▶ _TASK STATEMENT_
Transcribe the entries exactly. Start at the top, stop after the line with "実際のダッシュボード画面(図", and omit every picture.

++++ DATA FOR ANALYSIS ++++

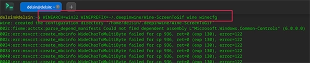 WINEARCH=win32 WINEPREFIX=~/.deepinwine/Wine-ScreenToGif wine winecfg
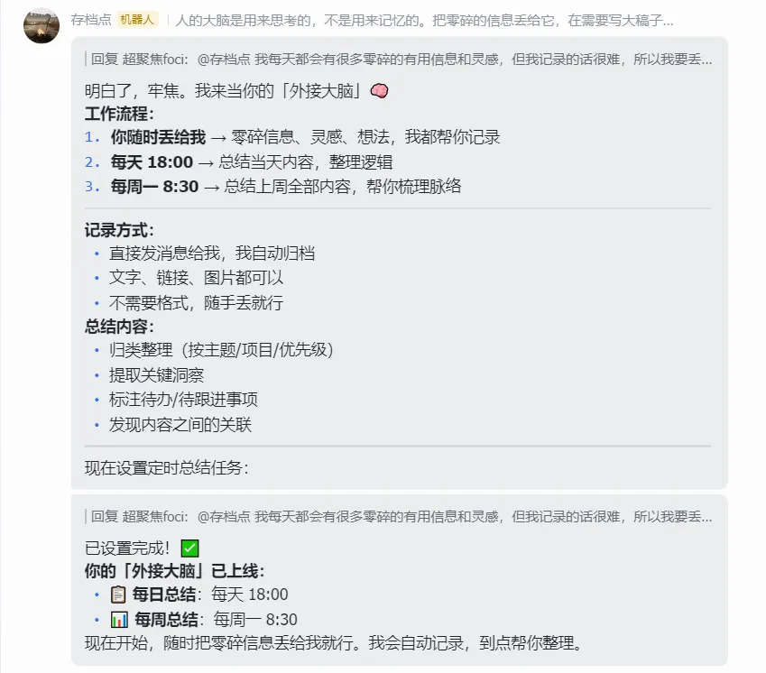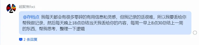 这哪里是备忘录,它不仅能接管信息整理的脏活,还能对一系列事件进行归纳总结,这分明就是一个任劳任怨的分析师啊,这样节省下来的时间我就可以用来摸鱼(不是),留给更高价值的思考与决策了。
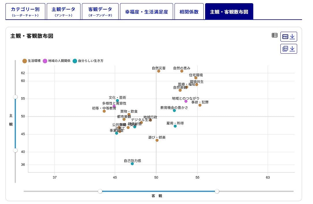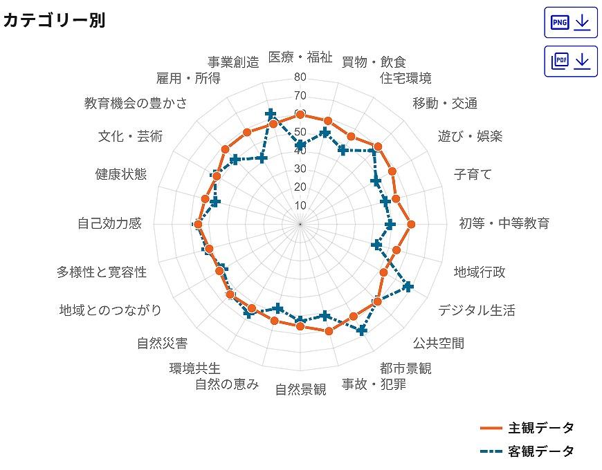 実際のダッシュボード画面(図1)では、まず都道府県や市区町村を選択し、「カテゴリー別」「主観データ」「客観データ」「幸福度・生活満足度」「相関係数」「主観・客観散布図」のタブから、見たいデータにアクセスできます。「カテゴリー別 レーダーチャート」(図2)では、「雇用・所得」や「自然景観」、「初頭・中等教育」「移動・交通」などのカテゴリー別に、主観データと客観データのそれぞれが色分けされ、レーダーチャート形式で表示されます。
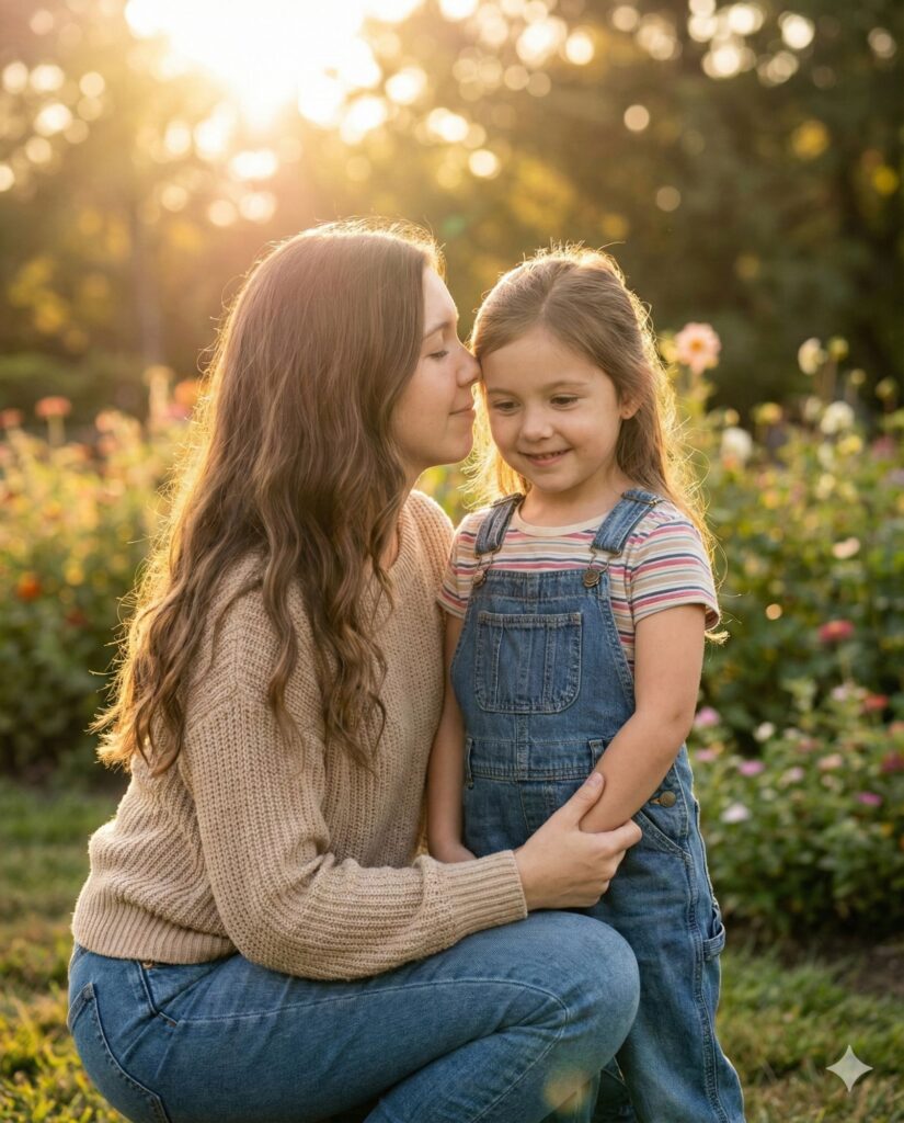 A heartwarming, hyper-realistic cinematic photograph of a 28-year-old woman [DESCRIBE HAIR: e.g., with long curly brown hair] kneeling down to gently hug a 6-year-old girl (her younger self). The little girl looks exactly like the woman but younger. The Action: The woman has her eyes closed, resting her forehead against the child's head, looking peaceful and emotional. The child is smiling softly, feeling safe. Attire: - Woman: Wearing a cozy beige knitted sweater and jeans. - Child: Wearing a cute vintage 90s style floral dress or denim overalls. Lighting & Vibe: Soft, golden hour sunlight backlighting them. Dreamy, nostalgic atmosphere. High definition, 85mm lens. --ar 4:5
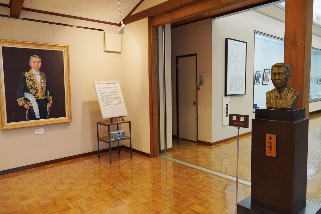 記念館には、恩師・北里柴三郎(きたさと・しばさぶろう)や、友人・野口英世(のぐち・ひでよ)の写真や、帝国学士院会員に選ばれたときに着用した大礼服などが飾られ、サルバルサンの標本など、医学的に貴重な文献も展示されています。
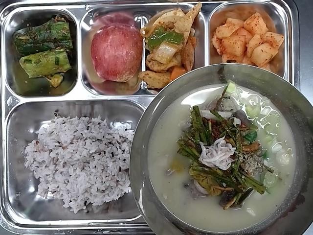 중식 : 혼합잡곡밥,순대국,새송이어묵볶음,오이소박이,부추무침,깍두기,친환경 사과
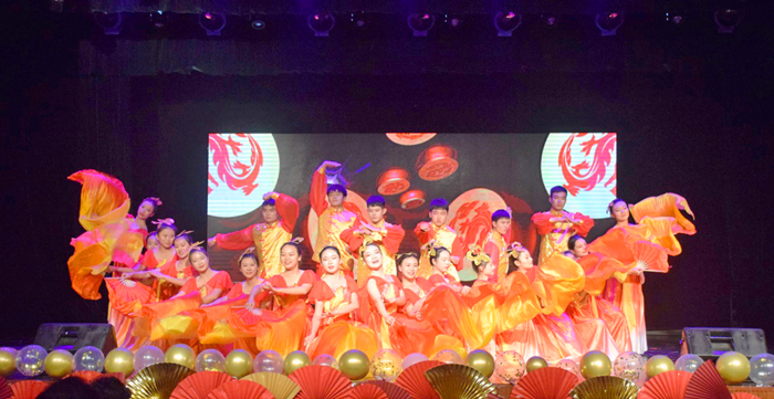 舞台上师生情笃乐融融,学院内一年迎新又逢春。在主持人铿锵有力的话语声中,晚会正式拉开序幕。吴云助致新年贺词,他回顾了2019年来学院取得的累累硕果,表达了对学院全体教职工和学生共同努力成果的肯定,展望了未来学院的发展前景。希望大家能够秉承“敬敷世范,勤学笃行”的校训精神,一同推动学院发展壮大。
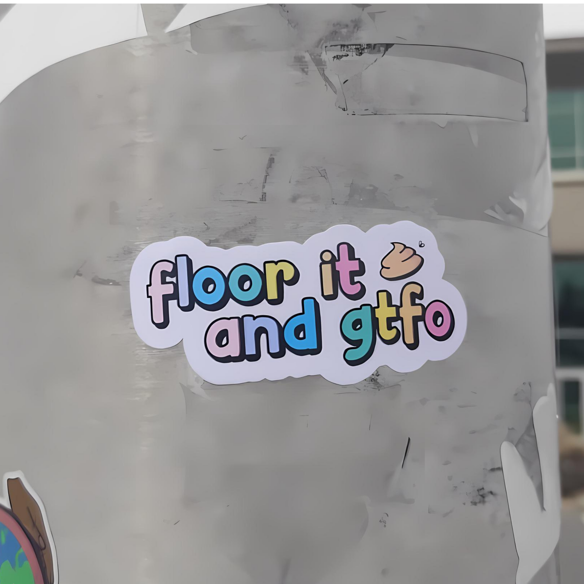 Make your statement loud and clear with the "Floor It and GTFO" sticker—a memento of when a community turned a potential downfall into a celebrated icon.
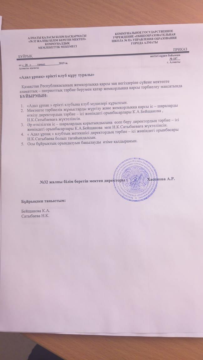 КГУ «Общеобразовательная школа №32 » Управления образования г.Алматы
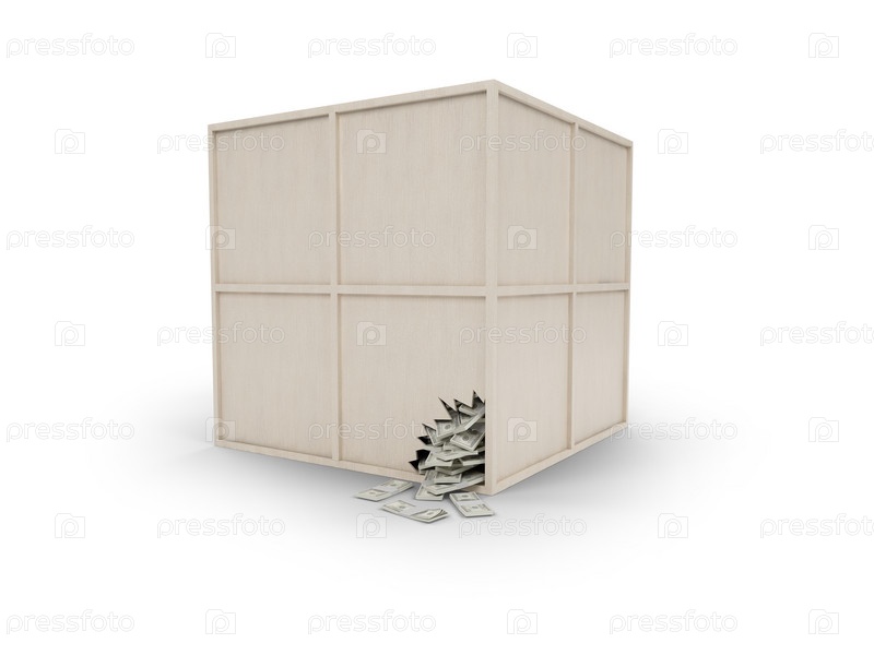 Вид деревянной коробки с деньгами на белом фоне

++++

▶ _REPLY TO THE EXERCISE_
 WINEARCH=win32 WINEPREFIX=~/.deepinwine/Wine-ScreenToGif wine winecfg
 这哪里是备忘录,它不仅能接管信息整理的脏活,还能对一系列事件进行归纳总结,这分明就是一个任劳任怨的分析师啊,这样节省下来的时间我就可以用来摸鱼(不是),留给更高价值的思考与决策了。
 実際のダッシュボード画面(図1)では、まず都道府県や市区町村を選択し、「カテゴリー別」「主観データ」「客観データ」「幸福度・生活満足度」「相関係数」「主観・客観散布図」のタブから、見たいデータにアクセスできます。「カテゴリー別 レーダーチャート」(図2)では、「雇用・所得」や「自然景観」、「初頭・中等教育」「移動・交通」などのカテゴリー別に、主観データと客観データのそれぞれが色分けされ、レーダーチャート形式で表示されます。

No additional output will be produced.